-- Opening Marker --

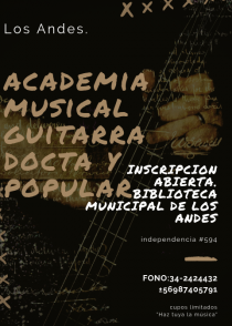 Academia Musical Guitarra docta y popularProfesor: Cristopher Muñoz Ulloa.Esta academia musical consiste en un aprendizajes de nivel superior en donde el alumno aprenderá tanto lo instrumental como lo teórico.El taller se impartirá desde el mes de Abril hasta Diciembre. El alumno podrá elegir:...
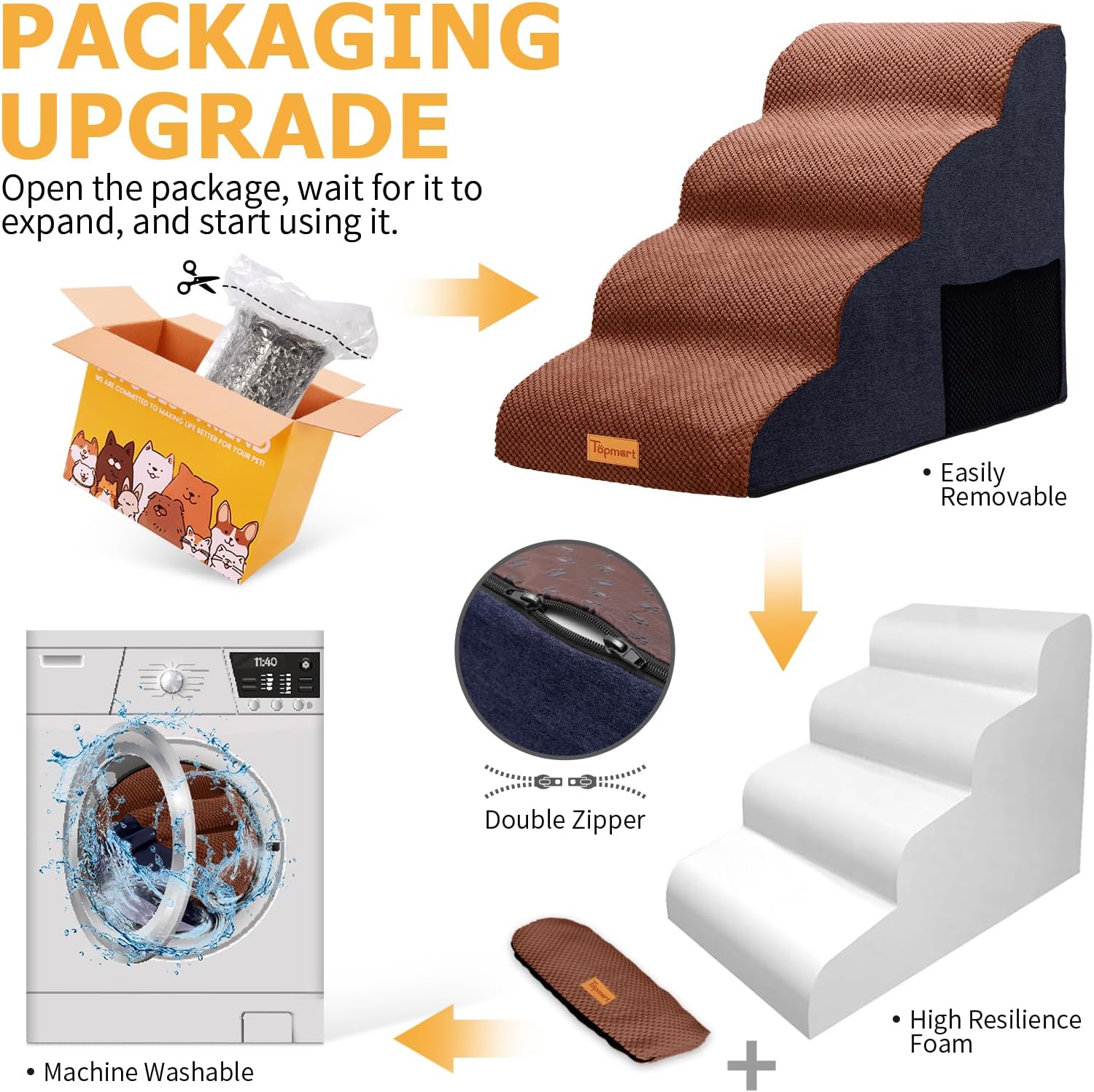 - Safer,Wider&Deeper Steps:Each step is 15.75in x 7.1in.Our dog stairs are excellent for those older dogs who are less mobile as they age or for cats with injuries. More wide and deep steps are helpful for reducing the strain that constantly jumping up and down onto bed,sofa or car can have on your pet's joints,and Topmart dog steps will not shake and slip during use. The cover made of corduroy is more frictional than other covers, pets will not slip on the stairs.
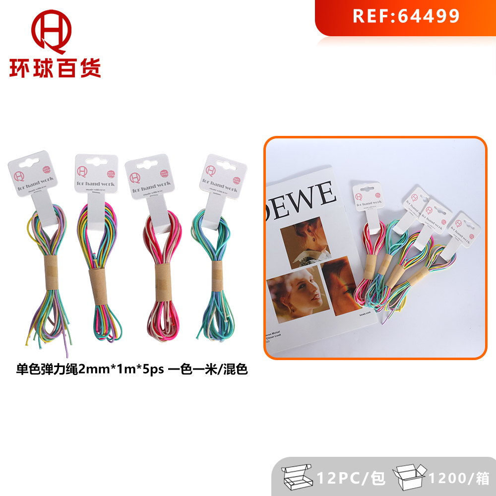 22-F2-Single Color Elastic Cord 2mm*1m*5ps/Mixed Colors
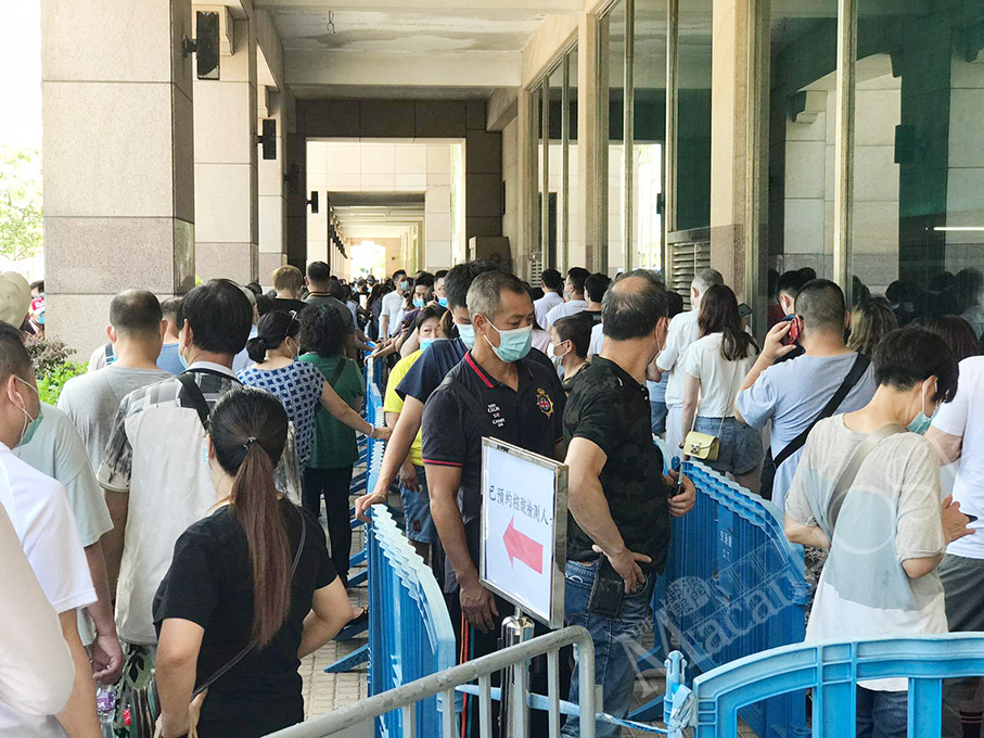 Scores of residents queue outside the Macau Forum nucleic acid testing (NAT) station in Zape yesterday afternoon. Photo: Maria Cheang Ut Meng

-- Closing Marker --

## WORK INSTRUCTIONS
The lines to repeat run from the line containing "22-F2-Single Color Elastic" through the end of the listing above, both included; give them exactly and without pictures.

## OUTPUT
 22-F2-Single Color Elastic Cord 2mm*1m*5ps/Mixed Colors
 Scores of residents queue outside the Macau Forum nucleic acid testing (NAT) station in Zape yesterday afternoon. Photo: Maria Cheang Ut Meng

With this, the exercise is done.